Configuring NGINX to Serve via SSL
This is a complete NGINX server block – with these certificates, it receives an A on the Qualys SSL Labs Scanner but won’t support older versions of Android devices or Internet Explorer. Disclaimer – these configurations come from the Mozilla SSL Configuration Generator and an NGINX example config from the Let’s Encrypt forums. You may want different options based on browser support.

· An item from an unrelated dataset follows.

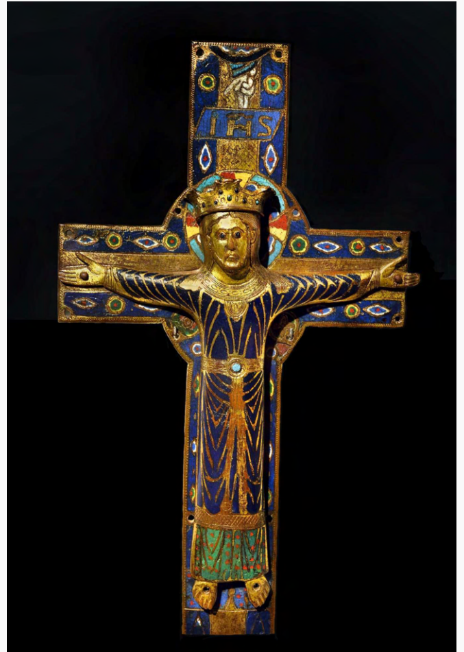
Christ the King Crucified, Executed in Limoges between 1200-1215, Enamels on copper, Reflection on the enamelled cross https://tinyurl.com/5hyjxk4t

To use it, there’s one additional step. You’ll need to generate a dhparam.pem
file in /etc/nginx
by running:
openssl dhparam -out /etc/nginx/dhparam.pem 2048
Finally, here is the NGINX config – replace yourdomain.com
in this file with
your own domain name, tell NGINX where the project root is, and everything
should work.
server {
root /home/deployer/webroot-path;
listen 443 ssl;
server_name yourdomain.com;
ssl on;
ssl_certificate /etc/letsencrypt/live/yourdomain.com/cert.pem;
ssl_certificate_key /etc/letsencrypt/live/yourdomain.com/privkey.pem;
ssl_session_timeout 1d;
ssl_session_cache shared:SSL:50m;
ssl_session_tickets off;
# Diffie-Hellman parameter for DHE ciphersuites, recommended 2048 bits
# Generate with:
# `openssl dhparam -out /etc/nginx/dhparam.pem 2048`
ssl_dhparam /etc/nginx/dhparam.pem;
# modern configuration. tweak to your needs.

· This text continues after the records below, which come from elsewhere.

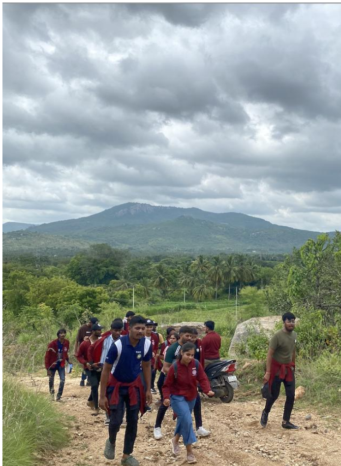
Through the hill trails
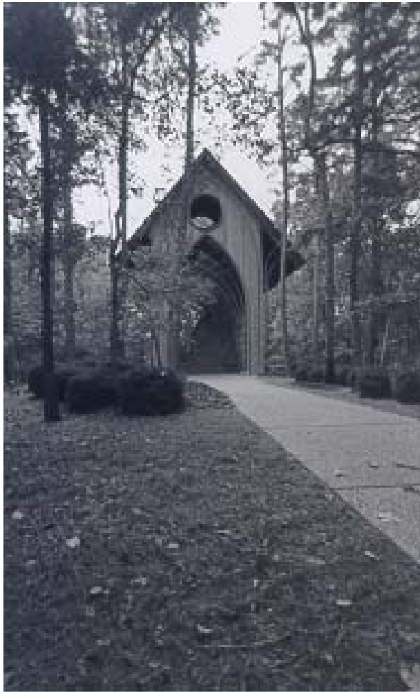
Mildred B. Cooper Memorial Chapel, Bella Vista, Benton County.
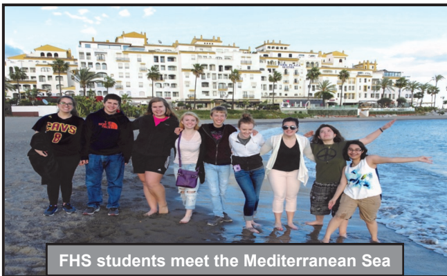
FHS students meet the Mediterranean Sea
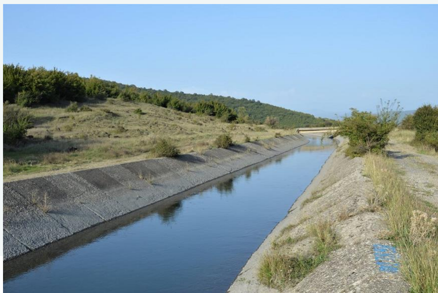
Example of an irrigation channel in Georgia

The implementation of the adaptation measure Irrigation systems in Agriculture has also positive effects on employment. Up to 10,000 additional people can be employed. This corresponds to an increase of up to 0.6 % in one year in the period under review (see Figure 1 ). Analogous to the effects mentioned above, this additional employment takes place in different economic sectors: on the one hand directly in the agricultural sector, but on the other hand also in the sectors for additional consumption and in the transportation sector. Since the model assumes an increasing productivity in the respective economic sectors, the additional employment decreases over time but remains clearly positive.
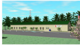
Troop Medical Center
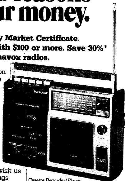
Cassette Recorder/Player with AM/FM Radio. Everything comes thru clearly and you can record directly from the radio. Or externally. Push-button tape controls and automatic stop.
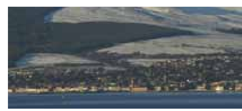
Helensburgh on the Firth of Clyde

Louise: Argyll and Bute has such beautiful scenery and so many places to visit, the area is so historic. The local people are friendly, welcoming and easy to talk to with a good sense of community spirit. People rally round. There is a good education system and the NHS facilities are availible. It's also close to both Glasgow and the airport, but still has a nice rural feel, with Loch Lomond on the doorstep.

ssl_protocols TLSv1.1 TLSv1.2;
ssl_ciphers 'ECDHE-RSA-AES128-GCM-SHA256:ECDHE-ECDSA-AES128-GCM-SHA256:ECDHE-RSA-AES256-GCM-SHA384:ECDHE-ECDSA-AES256-GCM-SHA384:DHE-RSA-AES128-GCM-SHA256:DHE-DSS-AES128-GCM-SHA256:kEDH+AESGCM:ECDHE-RSA-AES128-SHA256:ECDHE-ECDSA-AES128-SHA256:ECDHE-RSA-AES128-SHA:ECDHE-ECDSA-AES128-SHA:ECDHE-RSA-AES256-SHA384:ECDHE-ECDSA-AES256-SHA384:ECDHE-RSA-AES256-SHA:ECDHE-ECDSA-AES256-SHA:DHE-RSA-AES128-SHA256:DHE-RSA-AES128-SHA:DHE-DSS-AES128-SHA256:DHE-RSA-AES256-SHA256:DHE-DSS-AES256-SHA:DHE-RSA-AES256-SHA:!aNULL:!eNULL:!EXPORT:!DES:!RC4:!3DES:!MD5:!PSK';
ssl_prefer_server_ciphers on;
# HSTS (ngx_http_headers_module is required) (15768000 seconds = 6 months)
add_header Strict-Transport-Security max-age=15768000;
# OCSP Stapling ---
# fetch OCSP records from URL in ssl_certificate and cache them
ssl_stapling on;
ssl_stapling_verify on;
## verify chain of trust of OCSP response using Root CA and Intermediate certs
ssl_trusted_certificate /etc/letsencrypt/live/yourdomain.com/fullchain.pem;
}
Renewing Certificates
The great thing about this process is that it is easy to schedule. Once you’ve gotten everything working, you can simply run the command to generate certificates when they are close to expiring, and it will generate new ones for you and symlink them into the same location. Once the new certificates have been generated, you need restart NGINX, and you’re done!